KUTIPAN – Pemerintah Kota Tanjungpinang terus mematangkan rencana relokasi pembangunan Rumah Sakit Umum Daerah (RSUD) ke lokasi yang dinilai lebih representatif.
Hal tersebut disampaikan Wali Kota Tanjungpinang, H. Lis Darmansyah, usai melakukan pertemuan lanjutan dengan Direktur Jenderal Penetapan Hak dan Pendaftaran Tanah Kementerian ATR/BPN, Asnaedi, Jumat (24/4).
Dalam pertemuan itu, Lis didampingi Sekretaris Daerah Zulhidayat serta Kepala Kantor ATR/BPN Kota Tanjungpinang, Yudi Hermawan.
Lis menjelaskan, relokasi RSUD Tanjungpinang diusulkan sebagai bagian dari tindak lanjut hasil Inventarisasi Penguasaan, Pemilikan, Penggunaan, dan Pemanfaatan Tanah (IP4T) yang telah dilakukan sebelumnya.
“Relokasi Pembangunan RSUD Tanjungpinang kita ajukan untuk mendapatkan tempat, atau lokasi yang lebih representatif. Sekaligus sebagai tindak lanjut hasil pelaksanaan IP4T, terhadap sertifikat 871 dan 873,” ujar Lis.
Menurutnya, rencana relokasi tersebut telah melalui berbagai pertimbangan matang, termasuk dari sisi efektivitas dan efisiensi pembangunan.
“Usulan relokasi pembangunan RSUD Tanjungpinang yang dibiayai dari APBN disampaikan setelah melalui berbagai pertimbangan serta dipandang lebih efektif dan efisien,” tambahnya.
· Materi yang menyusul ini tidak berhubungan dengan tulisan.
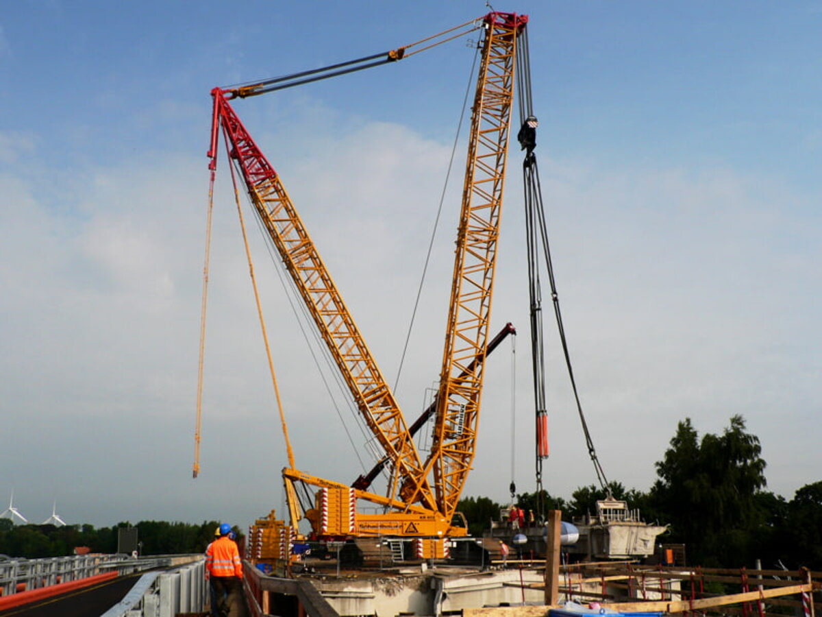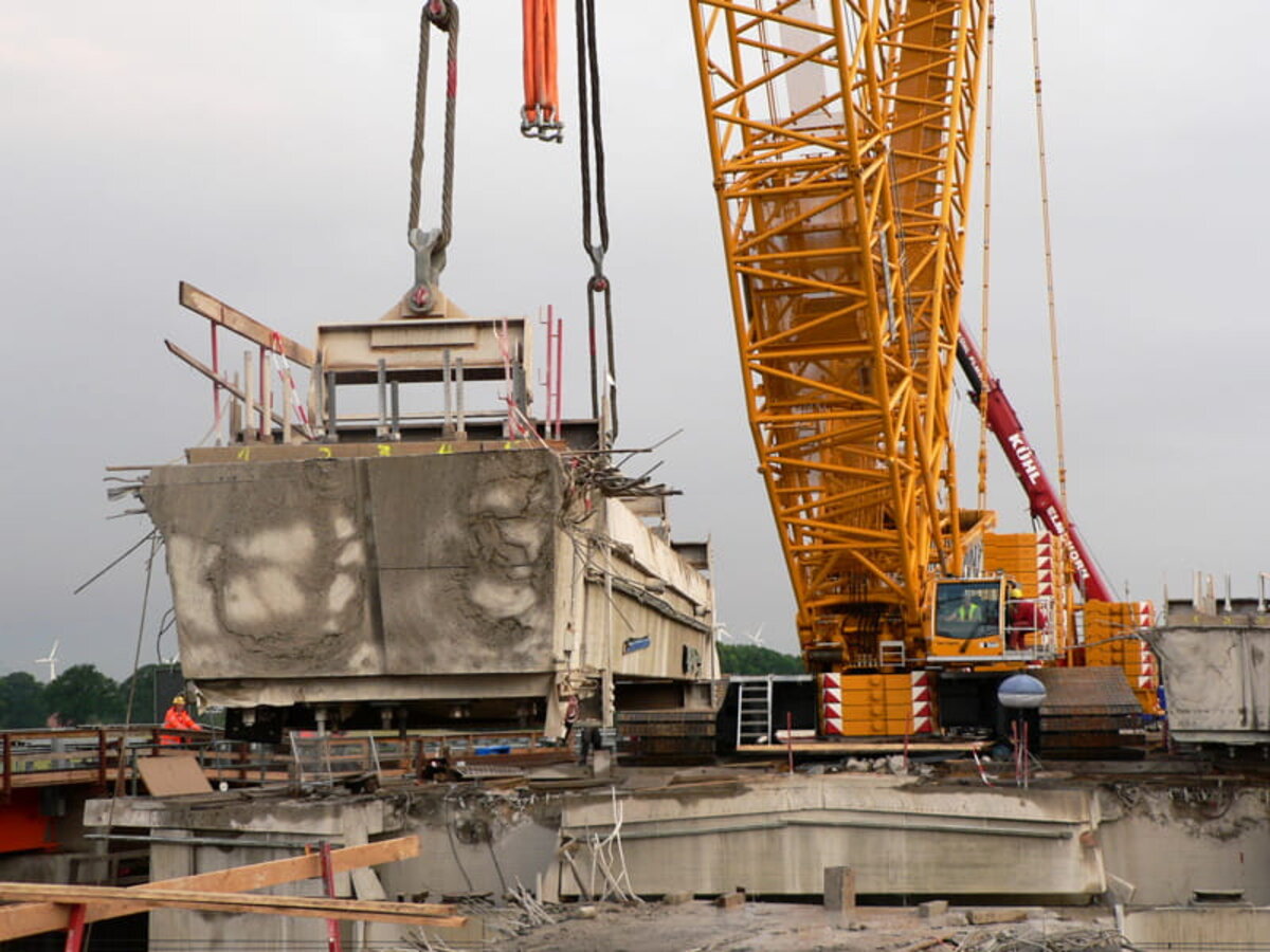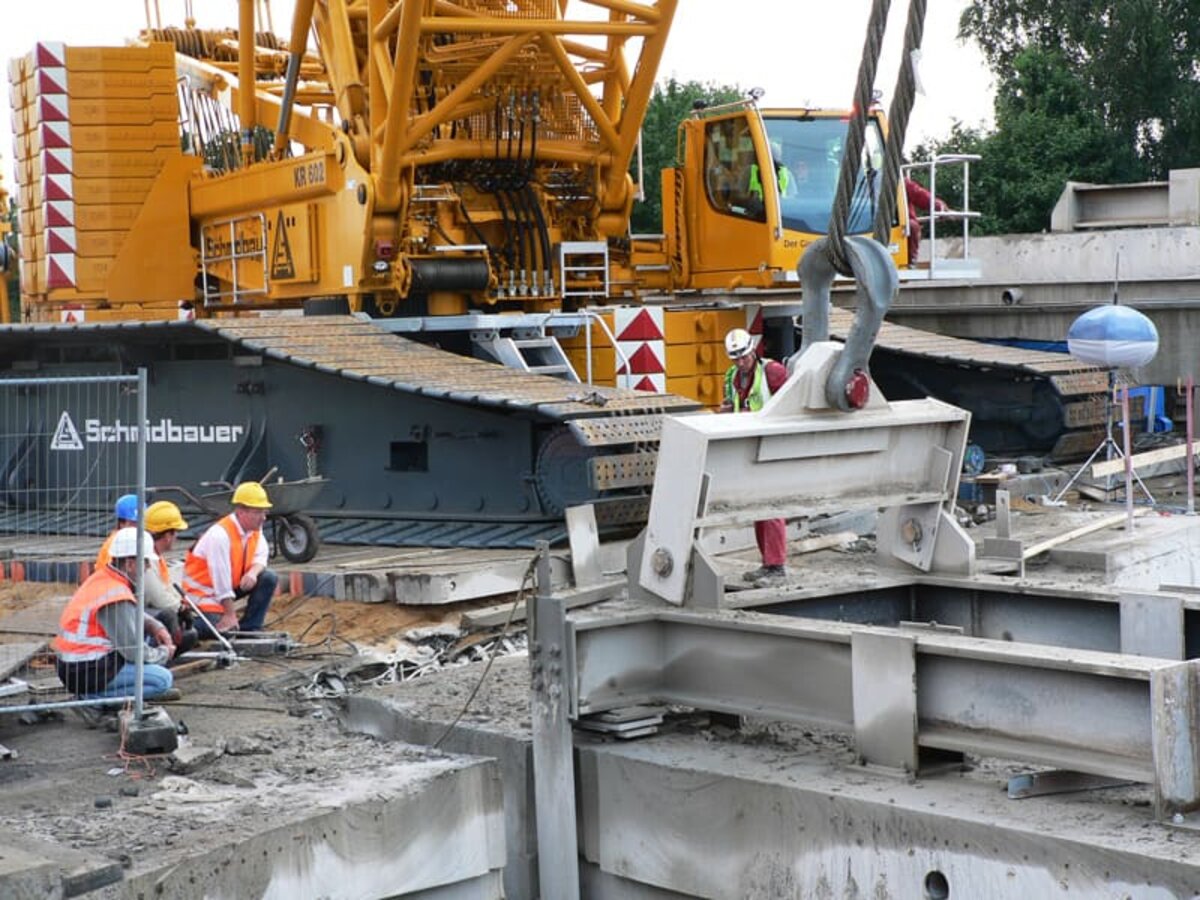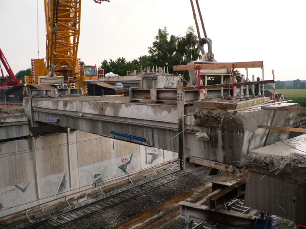 Insbesondere die Tragfähigkeit der Widerlagerkammerwand bereitete anfänglich Probleme. Nach umfangreichen Vorplanungen jedoch konnte der 600-Tonnen-Raupenkran (LR 1600/2) seinen Platz einnehmen – doch dann ging die Arbeit erst los: Betonsägen hatten die beiden zentralen Träger der Brücke freigelegt, damit diese von der LR 1600/2 herausgehoben werden konnten. Die 25 Meter langen und 380 Tonnen schweren Träger wurden auf der Autobahn abgelegt – währenddessen musste der Verkehr über eine Behelfsbrücke an der Baustelle vorbeigeführt werden. Auch der Schienenverkehr musste zeitweise gesperrt werden – was die Intervalle, in der die Arbeit ausgeführt werden konnte, in ein enges zeitliches Korsett schnürte. Nichtsdestotrotz konnten innerhalb von 3 Tagen insgesamt 6 Hübe mit Lasten im Bereich von 160 und 380 Tonnen durchgeführt werden.

Dalam kesempatan itu, Lis juga menyoroti persoalan lahan yang ditemukan dalam pelaksanaan IP4T, terutama terkait keberadaan permukiman masyarakat di dalam kawasan Hak Guna Bangunan (HGB).
Ia menilai, kondisi tersebut harus segera ditangani agar tidak menimbulkan persoalan hukum di kemudian hari.
“Harus ada kepastian hukum yang dapat diimplementasikan di lapangan. Apakah keberadaan tempat tinggal masyarakat dalam HGB dapat divalidasi, atau perlu ada langkah penyelesaian lainnya,” tegasnya.
Selain itu, Pemko Tanjungpinang juga mengusulkan adanya penyesuaian Rencana Detail Tata Ruang (RDTR) agar selaras dengan kondisi di lapangan.
Lis menyebut, tumpang tindih kepemilikan lahan menjadi salah satu kendala utama dalam mendorong pembangunan dan investasi di daerah.
Saat ini, Pemerintah Kota Tanjungpinang tengah mematangkan proses administrasi lanjutan dari hasil IP4T guna memastikan kepastian hukum atas lahan yang berpotensi dimanfaatkan untuk kepentingan publik.
Lis optimistis pembangunan RSUD di lokasi baru dapat segera direalisasikan.
“Banyak permasalahan kepemilikan lahan, termasuk yang berada dalam HGB. Ini kita carikan solusinya, dan harus ada kepastian hukum untuk itu. Untuk pembangunan RSUD, kita menemukan lokasi yang lebih representatif. Jika tidak ada halangan, tahun depan sudah mulai dibangun,” ungkapnya.
Ia juga mengungkapkan bahwa hasil konsultasi dengan Kementerian ATR/BPN mendapatkan respons positif.
“Respon kementerian sangat positif. Ini menjadi langkah strategis dalam pelaksanaan pembangunan, dan investasi di daerah,” tutur Lis.